# Delta Diamond Seal Technology.



## LEAD INGOT (Jul 15, 2009)

Has anyone had the opportunity to install this crap. I got a Delta 440 DST the other day and went to install it today. All plastic w/ pex supplies, if it worked I guess I could have lived with it. But I get the faucet tightened down and the base plate would slop around. I couldn't have gotten it tighter without breaking it, and the plate was still sloppy. So I removed it and went with an old reliable delta with the copper tubes and brass fittings. Worked just fine. I called Delta to ***** and she says it has to tighten down, I say no, and there is an 1/8" gap in the center between the plate and the sink. She became argumentitave with me, and I asked for her supervisor. So he put me on a "list" to recieve corrospondance on the problem. This is the second one I've had like this. Am I the only one, or have any of you had this problem. I know just looking at the insides of these, that most, if not all of you would call these a POS. Let me know if you have. I'm about ready to start WWIII on my Delta rep, and I would like some ammo from around the country. This is not the answer to metal contamination in water.


----------



## Plumber Jim (Jun 19, 2008)

I have installed a couple and had no trouble getting them tight but the supplies are crap. I can't get them to seal unless Cut them and use nylon ferrules.


----------



## Herk (Jun 12, 2008)

I installed one yesterday and although the install went pretty well I found that the base stuck out over the square part of the narrow SS sink ledge. The larger shank holds it out further than it should. But the rubber seal underneath wasn't compromised.

I didn't mind installing it, but don't know why they have to make stuff so unstandard that it doesn't fit well.

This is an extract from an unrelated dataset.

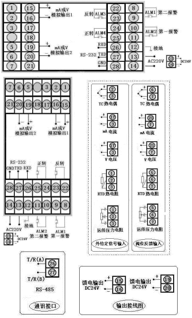 通訊方式RS485,輸出方式為繼電器輸出,PV輸入類型為4~20 mA,SV輸入類型為4~20 mA,D一報(bào)警為下限報(bào)警,D二報(bào)警為上限報(bào)警,DC24V饋電輸出,DC24V供電。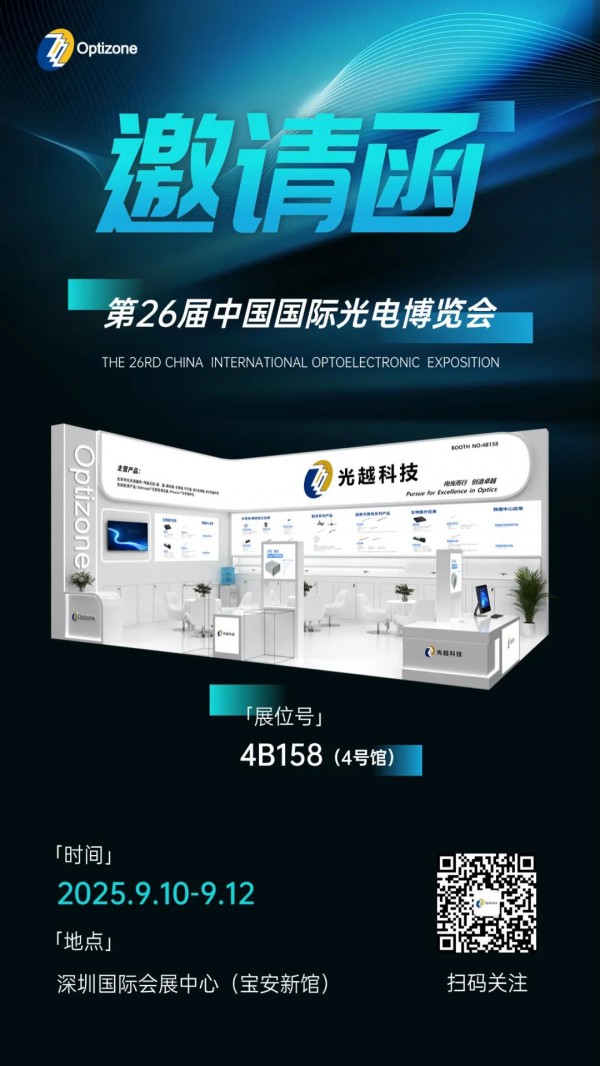 9月10日-12日,第26届中国国际光电博览会(CIOE 2025)将在深圳国际会展中心盛大启幕,本届展会以汇聚全球超3800家光电企业,覆盖信息通信、精密光学、欧陆娱乐智能制造、智能传感等八大主题展,打造30万㎡的光电产业盛宴?。届时,光越科技(深圳)有限公司携多款重磅产品亮相4号馆4B158展位,诚邀您共赴盛宴。

I spoke with some supply house fellas today and they said that they were a bit leery of ordering them because they didn't feel like experimenting. I guess we'll see how it goes when we start getting callbacks on them, if we do. It was nice installing for the customer-supplied price and not having to supply tubes to install it. I was wondering about how the tubes hook to the stops - they don't go all the way in, but have little flanged seals instead. I hope that plastic is strong or they're going to break off when somebody shoves something under the sink.


----------



## Cal (Jun 17, 2008)

Was a BIG Fan of the Delta #470 k/s faucet and the # 520 lavy !!! Now ,,,, not so much .

Have gone to the Kohler # 10433 k/s faucet and back to moen for lavys . Pretty disappointed in the delta change . 

my .02


----------



## pauliplumber (Feb 9, 2009)

I've installed a few of the diamond seal faucets without any problems yet. I really hope they don't totally phase out the seat & spring system, reliable and easy to service.


----------